- What needs to be done
In the entries below, find the line with "6 Champagne kummer, 20." and the line with "더지니 발수코팅제 |"; copy them and every line between them exactly, but not the pictures.

- Data for processing
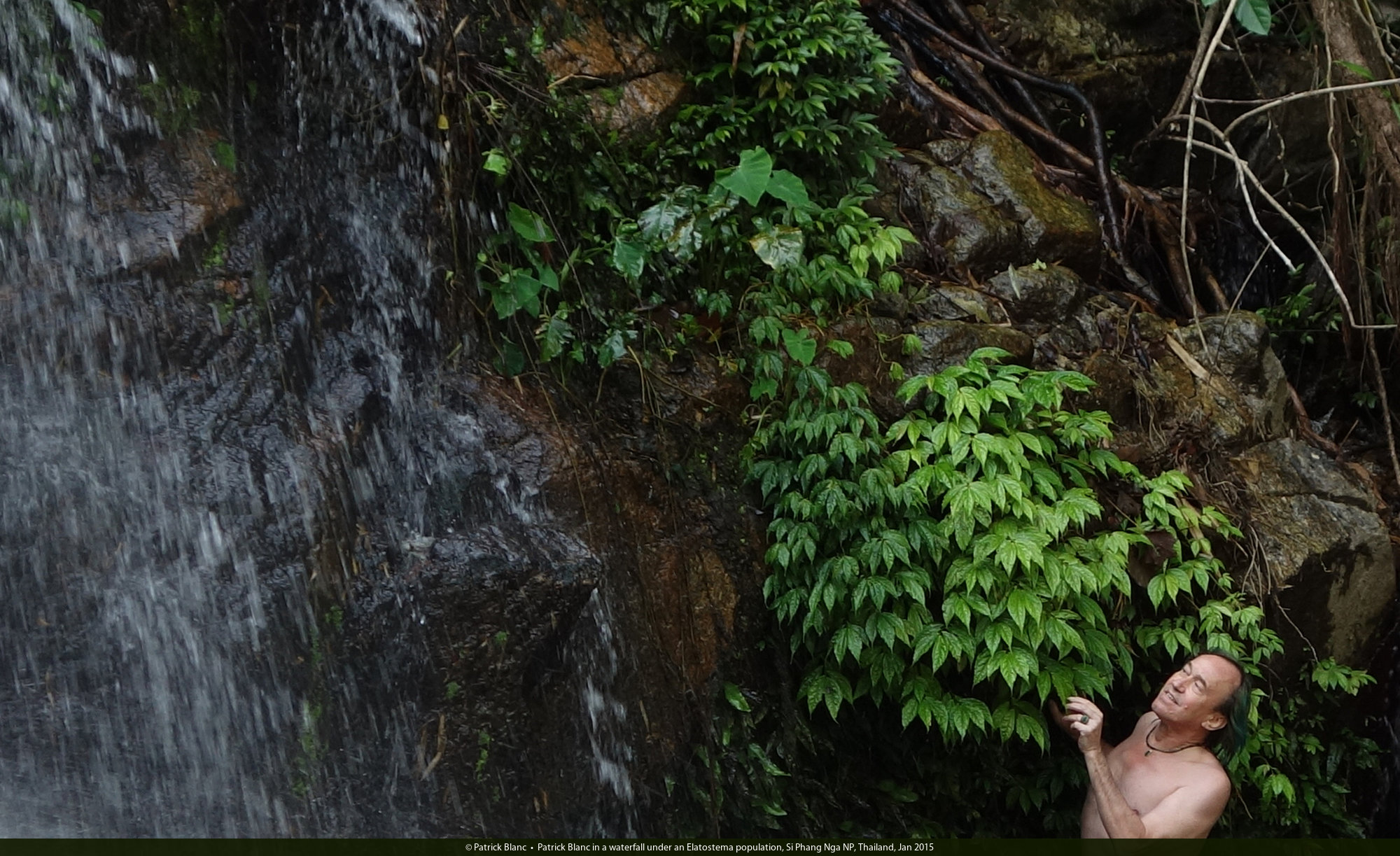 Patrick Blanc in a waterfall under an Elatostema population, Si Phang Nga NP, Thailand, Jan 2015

...

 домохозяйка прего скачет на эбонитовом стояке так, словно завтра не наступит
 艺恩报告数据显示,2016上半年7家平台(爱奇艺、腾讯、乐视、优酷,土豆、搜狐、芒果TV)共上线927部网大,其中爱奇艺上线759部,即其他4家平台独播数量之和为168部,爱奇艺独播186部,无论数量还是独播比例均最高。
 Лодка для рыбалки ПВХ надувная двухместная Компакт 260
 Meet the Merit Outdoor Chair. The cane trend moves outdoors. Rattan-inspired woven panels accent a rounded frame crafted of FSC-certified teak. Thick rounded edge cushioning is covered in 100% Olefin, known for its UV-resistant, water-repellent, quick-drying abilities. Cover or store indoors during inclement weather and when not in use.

...

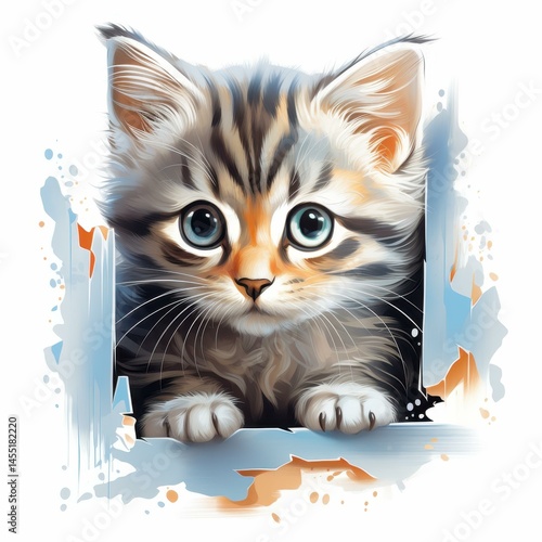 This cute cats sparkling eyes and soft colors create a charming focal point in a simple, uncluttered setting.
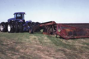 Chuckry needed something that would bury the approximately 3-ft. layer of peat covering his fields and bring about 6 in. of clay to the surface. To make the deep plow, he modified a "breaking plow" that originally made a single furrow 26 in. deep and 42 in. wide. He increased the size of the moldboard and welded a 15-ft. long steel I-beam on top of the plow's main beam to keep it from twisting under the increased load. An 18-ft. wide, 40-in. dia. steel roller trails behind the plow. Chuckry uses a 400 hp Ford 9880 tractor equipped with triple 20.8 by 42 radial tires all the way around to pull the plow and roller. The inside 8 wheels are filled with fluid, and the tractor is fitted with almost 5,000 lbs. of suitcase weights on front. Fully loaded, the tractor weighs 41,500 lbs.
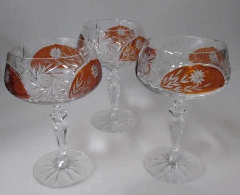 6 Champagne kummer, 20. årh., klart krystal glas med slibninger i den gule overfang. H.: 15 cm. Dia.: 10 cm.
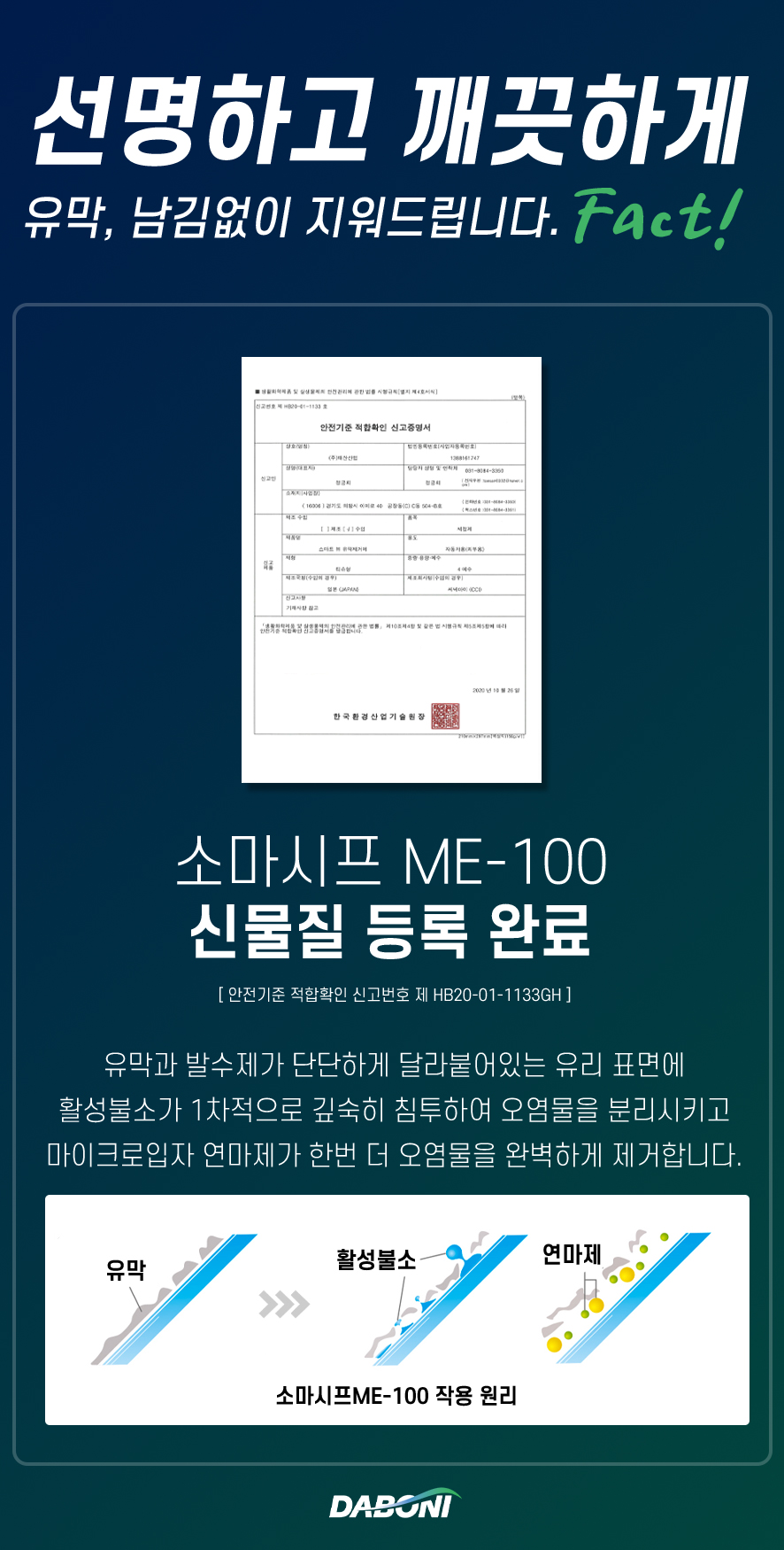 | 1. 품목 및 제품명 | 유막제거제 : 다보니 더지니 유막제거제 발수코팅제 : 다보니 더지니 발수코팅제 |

- Solved exercise
 6 Champagne kummer, 20. årh., klart krystal glas med slibninger i den gule overfang. H.: 15 cm. Dia.: 10 cm.
 | 1. 품목 및 제품명 | 유막제거제 : 다보니 더지니 유막제거제 발수코팅제 : 다보니 더지니 발수코팅제 |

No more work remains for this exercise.